Conrad wrote this novel to describe Marlow’s journey and the reader is immediately
immersed in how he will change. In one scene the doctor begins to measure Marlow’s head and
says that every man changes when they go down there, but the change is always on the inside
and how they start to think differently. Also, when Marlow first arrived in Africa, the man he
was walking through the streets with was completely indifferent to all the dying men, women,
and children around him. Marlow is struck by this, and gives one a cracker. However, the reader
is faced with how this place affected this man so much. He no longer cares about human life. As
Marlow travels further into the interior he encounters the natives, the peaceful cannibals and the
violence on the shores, with the jungle always pressing inwards. Even Kurtz was a different,
changed man. The selfish arrogance in which Kurtz embodied was ultimately destroyed in his
dying whispers, “The horror! The horror!” The jungle will change anyone that goes in, but the
question remains how different will the people emerge.
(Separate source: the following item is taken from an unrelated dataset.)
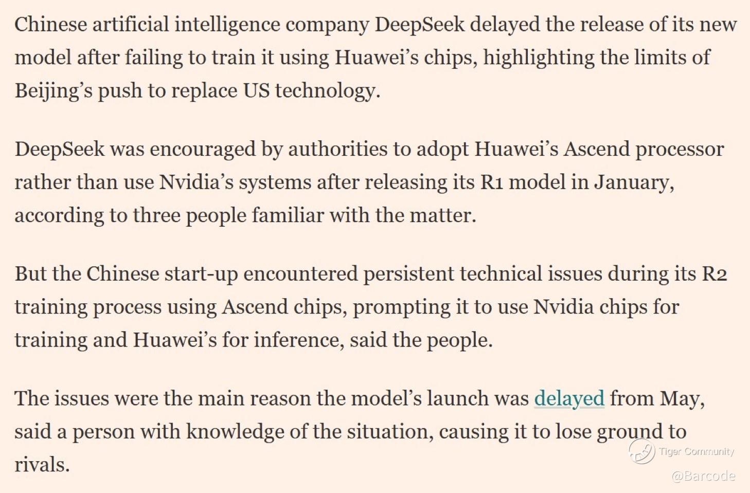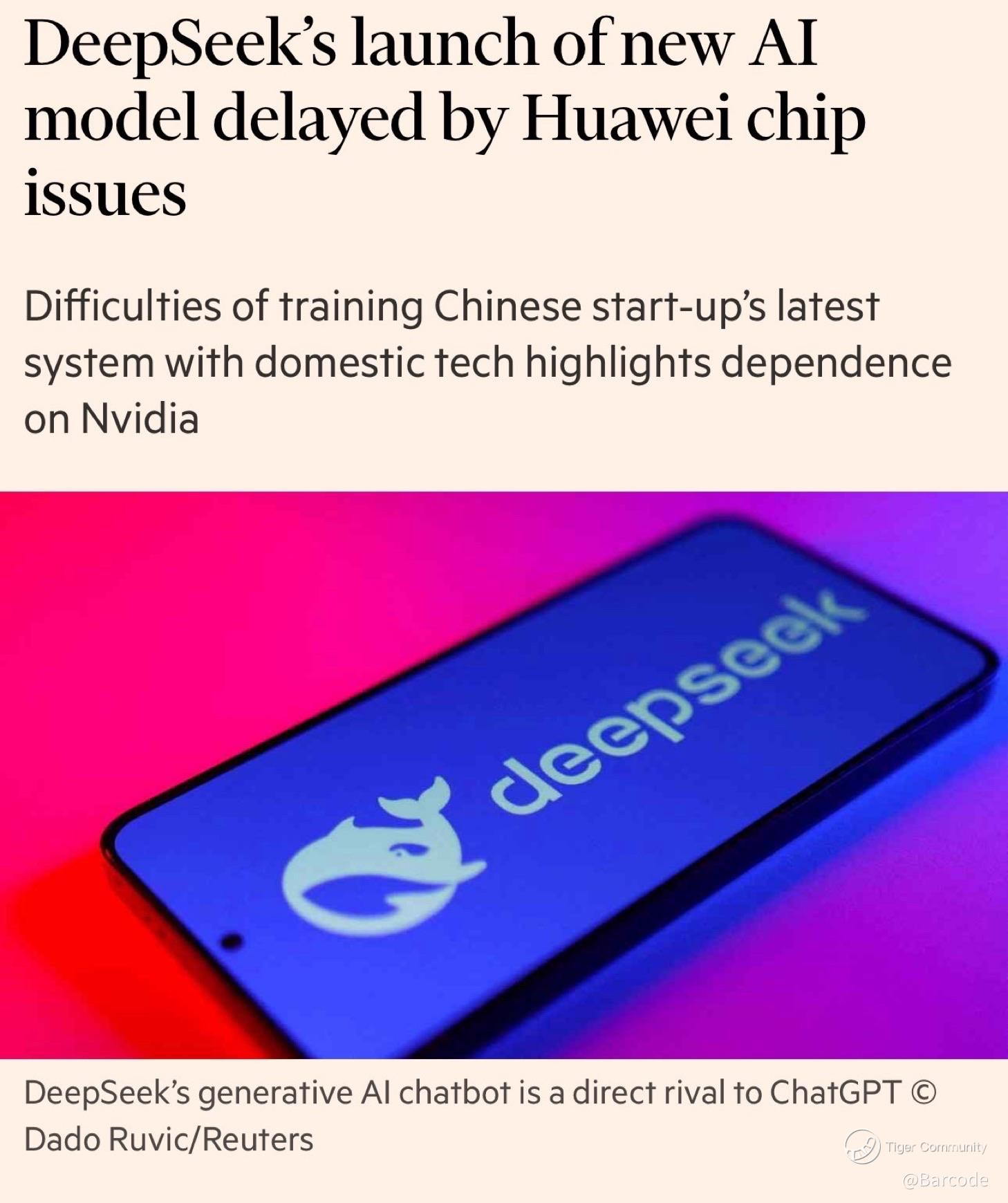 Iβm watching the DeepSeek news closely. Their highly anticipated R2 model has been delayed after persistent training failures on Huaweiβs Ascend chips. Engineers on site couldnβt resolve the issues, forcing DeepSeek to train entirely on Nvidiaβs H20 chips, with Ascend relegated to inference only. Thatβs not just a technical snag; itβs a clear statement on the current hierarchy of AI compute.
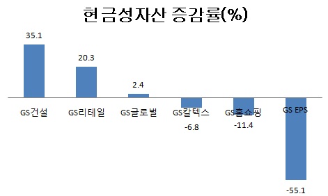 GS건설은 올 들어 현금성 자산을 35.1%나 늘렸지만 유무형자산 취득액은 2.7% 감소했다.

Also, history reveals that one of the motivations for traveling to places like the Congo in
Africa was to civilize the native populations there. This is a noble idea, but as Conrad writes the
story of Marlow, the readers begin to question whether the civilized people are the white men
with guns or the natives with their sticks. As Marlow arrives off of the coast of Africa he is
troubled by the sight of a group firing cannonballs at an empty shore, scurrying because they
think the natives are attacking them. Later on, Marlow employs the help of some of the
cannibalistic natives. Traveling on the same boat as some of the pilgrims, Marlow is shocked by
their level of control in eating rotten hippo meat and in staying incredibly calm when they start to
be attacked by some of the natives. The cannibals were armed and ready for the attack while the
pilgrims were running around, frightened. Also, one of the most basic forms of human nature is
to not want to take the lives of other human beings. In multiple situations, Marlow does not see
this among the white Europeans. When first arriving, the white man was indifferent to death, and
later on he witnesses the pilgrims arm themselves for a battle against some of the natives, when
all that is required is to blow the whistle of the steam boat. Even then a single woman remains on
the beach and the pilgrims did not hesitate in their desires to still kill her. As the novel
progresses, the reader begins to see the savageness of the Europeans and the civility of the
natives and can’t help but wonder as to the true nature of humans and civilization.
Humanity is one of the most obscure and difficult things to understand and in Heart of
Darkness the readers are left with the horrible conditions of the Congo. As they read, more
questions arise on human nature. What does it take to change someone’s character completely,
and how will it change? As well as, who is really more civilized during the times of colonization
and all of the power struggles. Barthes said, “Literature is the question minus the answer” and
Conrad has displayed the nature of this statement in his novel, Heart of Darkness.